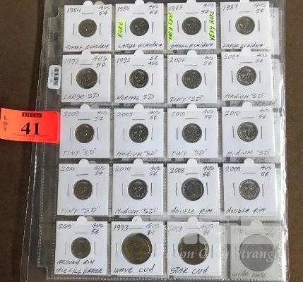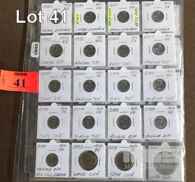 19 X AUSTRALIA, $1, 5c, ERROR COINS, INC; SMALL ECHIDNA, LARGE ECHIDNA, LARGE SD, TINY SD, MEDIUM SD, WAVE CUD, STAR CUD, ETC
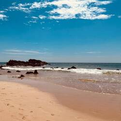 Vicks and Shend head off to do some ultra important shopping, so Simon and I spend 30 minutes getting swept off our feet by the surf. We’re wave break adjacent. The waves are powerful, and the currents they create enough to knock us over. Top fun.
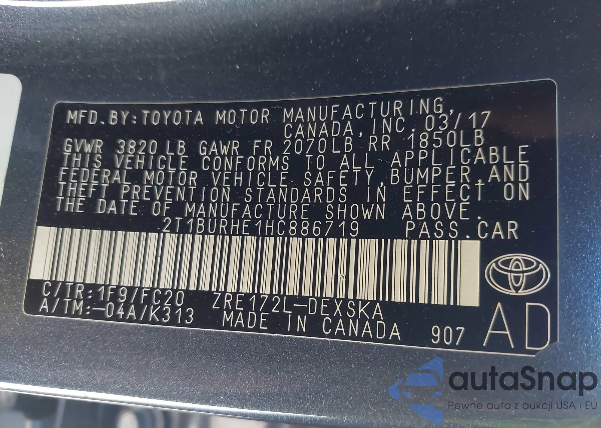 • VIN 2T1BURHE1HC886719
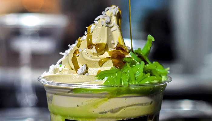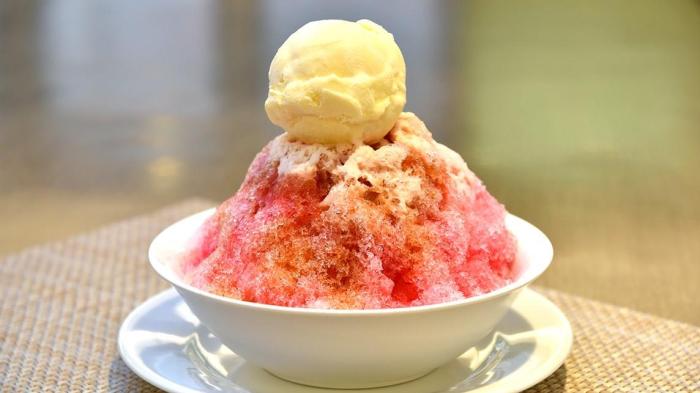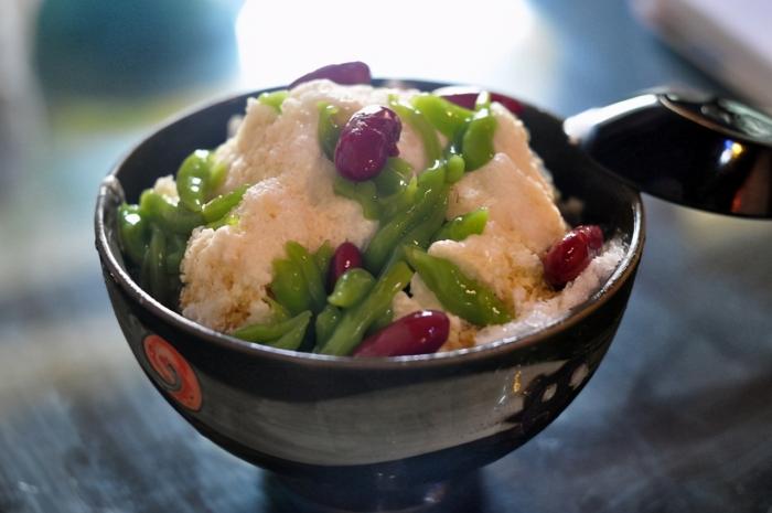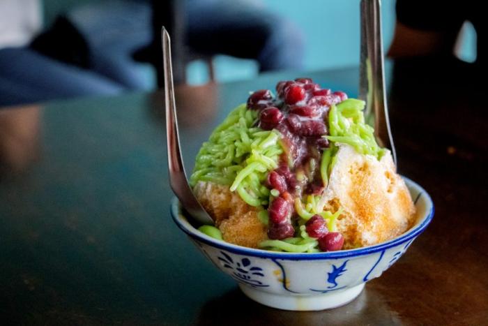冰沙裡含有甜玉米、紅豆、尼巴棕櫚籽和果凍等。這些冰沙堆成小山狀,上面淋上了彩虹糖漿、煉乳和椰糖。紅豆冰也有各種各樣的澆頭選擇,你可以根據自己的喜好定製。
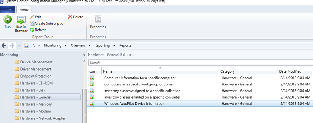 Along with the 20 other features included with Configuration Manager Technical Preview 1802 is a report which extracts the relevant information from your clients in order to use them with Windows AutoPilot. This collates the information from applicable Windows 10 machines (they must be 1703 or later) and the report can be found in the default reports under the Hardware – General section and is named “Windows AutoPilot Device Information”.
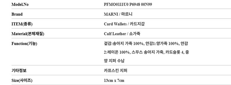- #리본즈코리아 #PFMO0111U0P694800N99 #[명품] #마르니 #PFMO0111U0 #P6948 #00N99 #트렁카루 #카프스킨 #지퍼 #카드지갑 #여성 #지갑 #카드/명함지갑 #카드지갑홀더
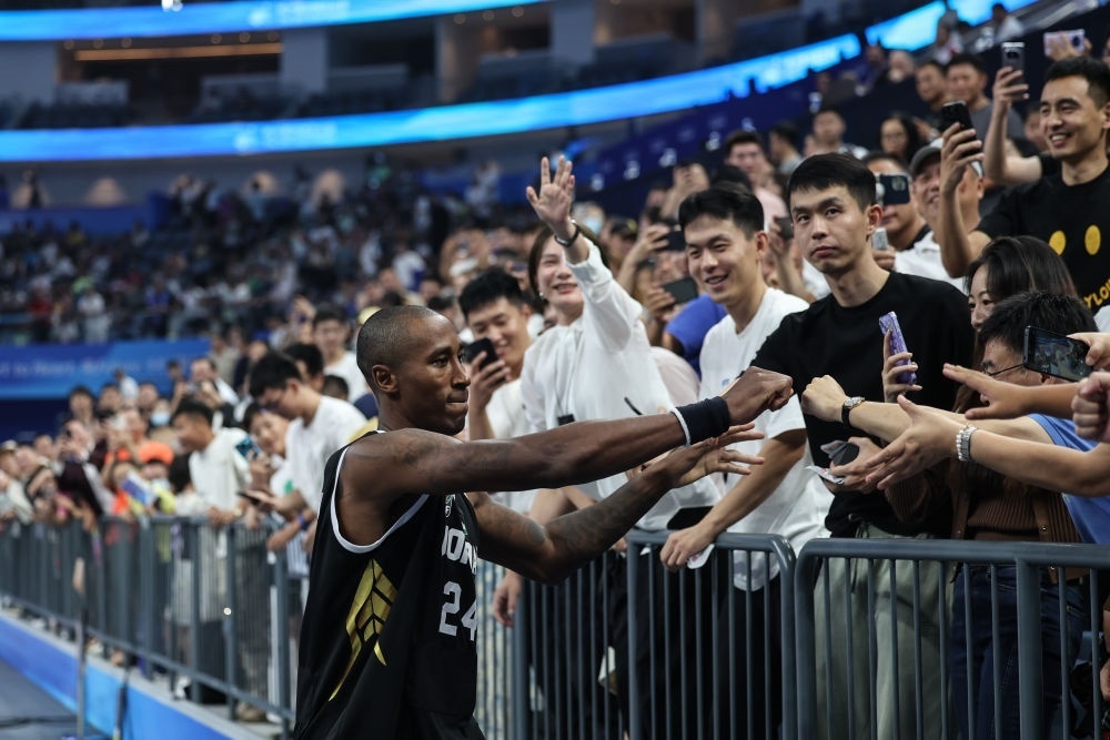 9月28日,約旦隊球員倫達·杰斐遜籃球男子預(yù)賽C組后與觀眾互動。
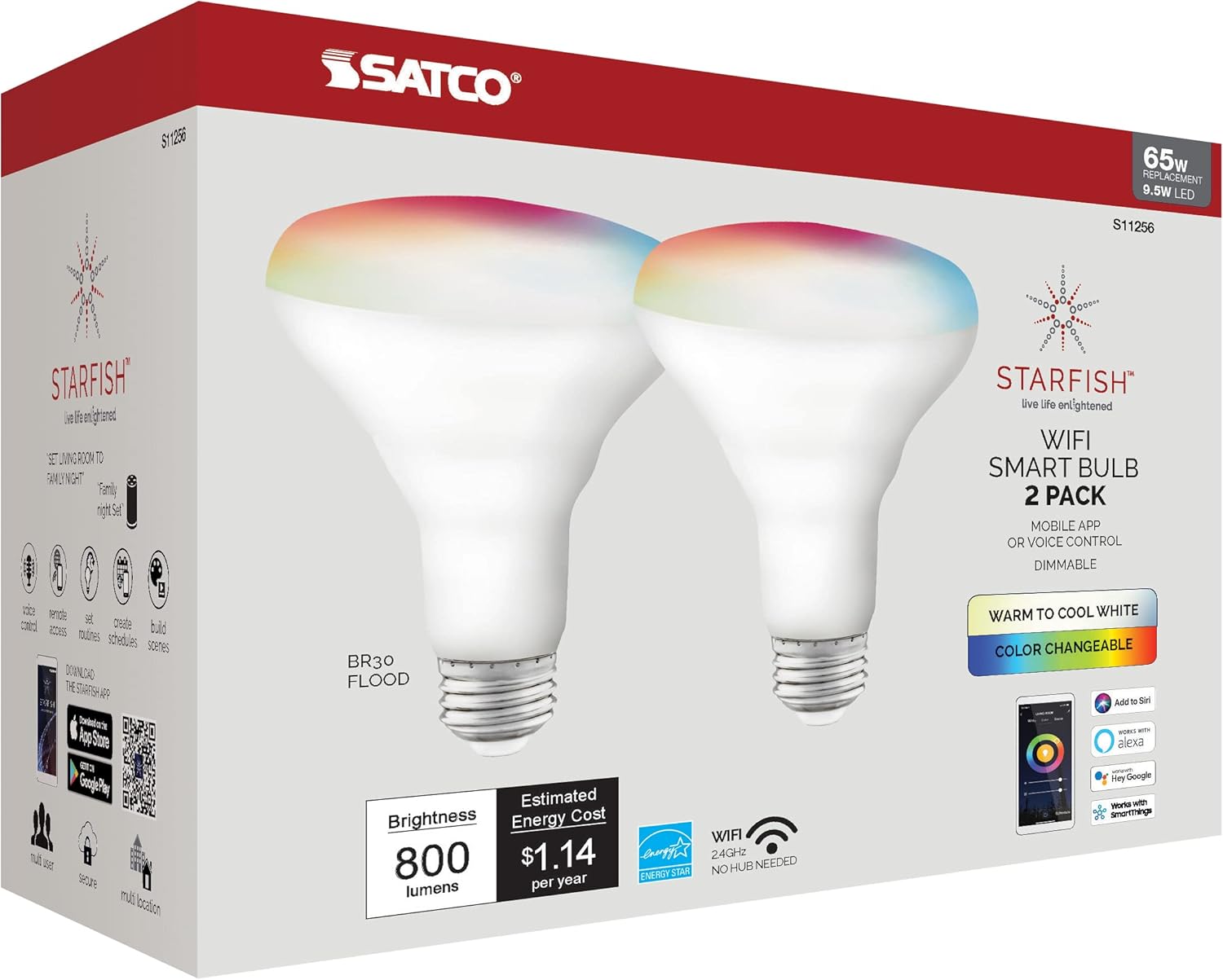 Satco S11256 Starfish BR30 WiFi Smart LED Light Bulb, Works with Siri, Alexa, Google Assistant, SmartThings, 9.5 Watt, 120 Volt, 800 Lumens, Color Changing & Tunable White, 2-Pack
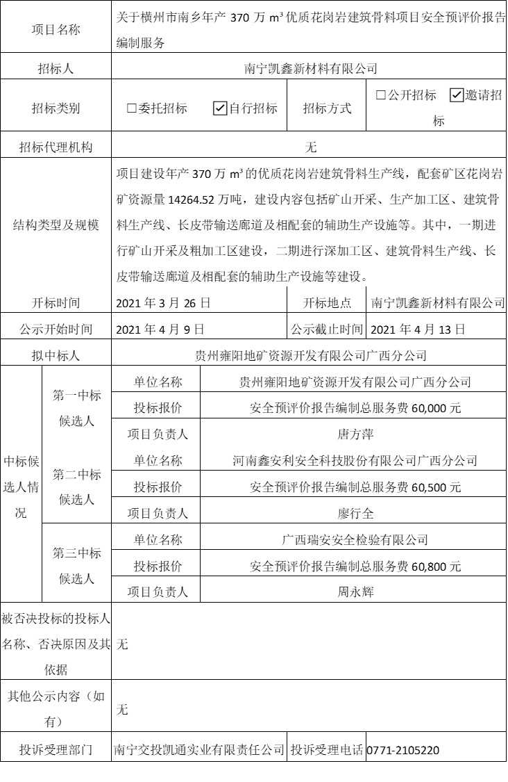 南寧公共交通集團有限公司對友愛充電站配電設(shè)施遷改項目的施工單位進行了競爭選聘,評審工作于2021年4月7日結(jié)束,現(xiàn)將中標結(jié)果公示如下:一、項目名稱:友愛車場充電站箱式變壓器配電設(shè)施遷改項目二、中標單位:廣西致晟電力科技有限公司三、中標單位報價:人民幣壹拾叁萬零伍拾貳元整(¥130,052.00)。四、招標人單位地址:南寧市青秀區(qū)民族大道184號 聯(lián)系人和電話:覃工 0771-5672034五、公示時間:2021年4月7日至2021年4月13日...
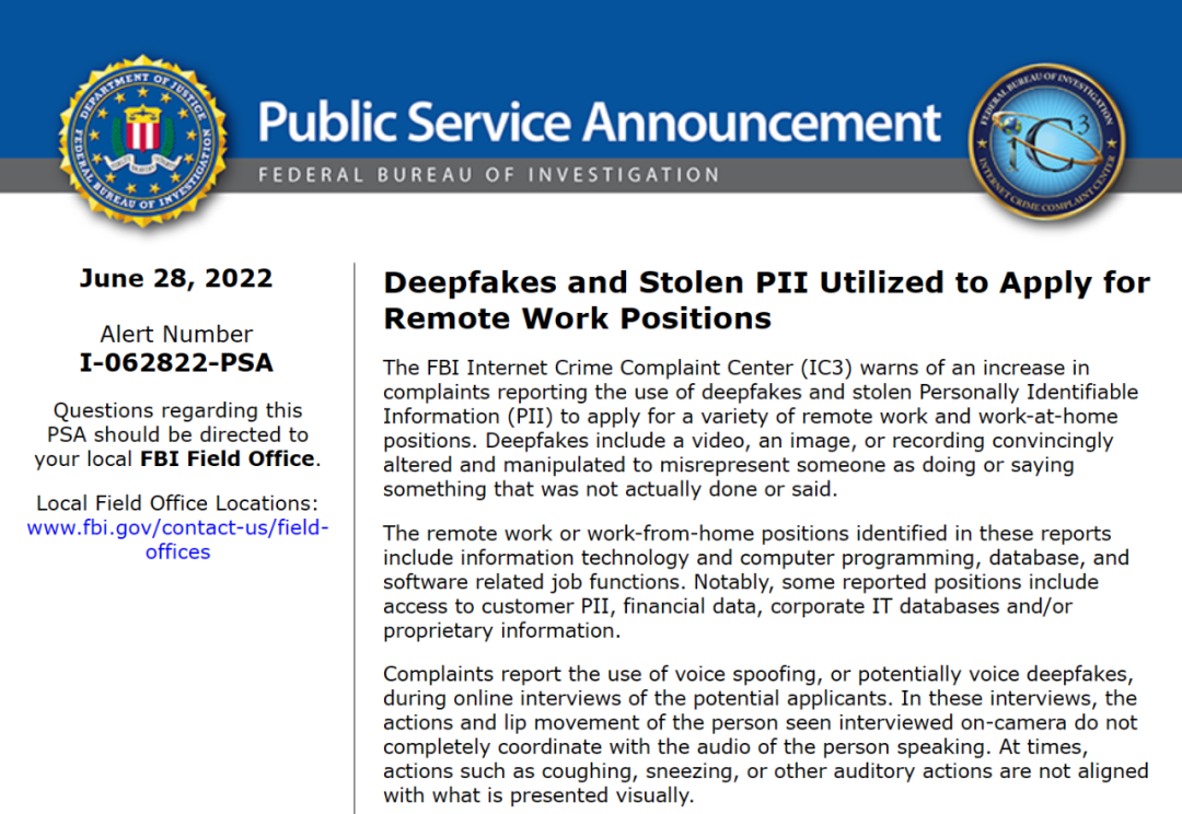 近日,根据外媒 pcmag 报道,FBI 表示有诈骗者一直使用 Deepfake 技术在远程工作的面试中冒充求职者,试图谋得 IT 公司的工作机会,以访问它们的客户或财务数据、企业 IT 数据库和 / 或专有信息。

YOUR ASSIGNMENT: Please reproduce nothing but the lines from the one containing "- #리본즈코리아 #PFMO0111U0P694800N99" through the closing line of the listing, retyped word for word, pictures excluded.

YOUR SOLUTION:
- #리본즈코리아 #PFMO0111U0P694800N99 #[명품] #마르니 #PFMO0111U0 #P6948 #00N99 #트렁카루 #카프스킨 #지퍼 #카드지갑 #여성 #지갑 #카드/명함지갑 #카드지갑홀더
 9月28日,約旦隊球員倫達·杰斐遜籃球男子預(yù)賽C組后與觀眾互動。
 Satco S11256 Starfish BR30 WiFi Smart LED Light Bulb, Works with Siri, Alexa, Google Assistant, SmartThings, 9.5 Watt, 120 Volt, 800 Lumens, Color Changing & Tunable White, 2-Pack
 南寧公共交通集團有限公司對友愛充電站配電設(shè)施遷改項目的施工單位進行了競爭選聘,評審工作于2021年4月7日結(jié)束,現(xiàn)將中標結(jié)果公示如下:一、項目名稱:友愛車場充電站箱式變壓器配電設(shè)施遷改項目二、中標單位:廣西致晟電力科技有限公司三、中標單位報價:人民幣壹拾叁萬零伍拾貳元整(¥130,052.00)。四、招標人單位地址:南寧市青秀區(qū)民族大道184號 聯(lián)系人和電話:覃工 0771-5672034五、公示時間:2021年4月7日至2021年4月13日...
 近日,根据外媒 pcmag 报道,FBI 表示有诈骗者一直使用 Deepfake 技术在远程工作的面试中冒充求职者,试图谋得 IT 公司的工作机会,以访问它们的客户或财务数据、企业 IT 数据库和 / 或专有信息。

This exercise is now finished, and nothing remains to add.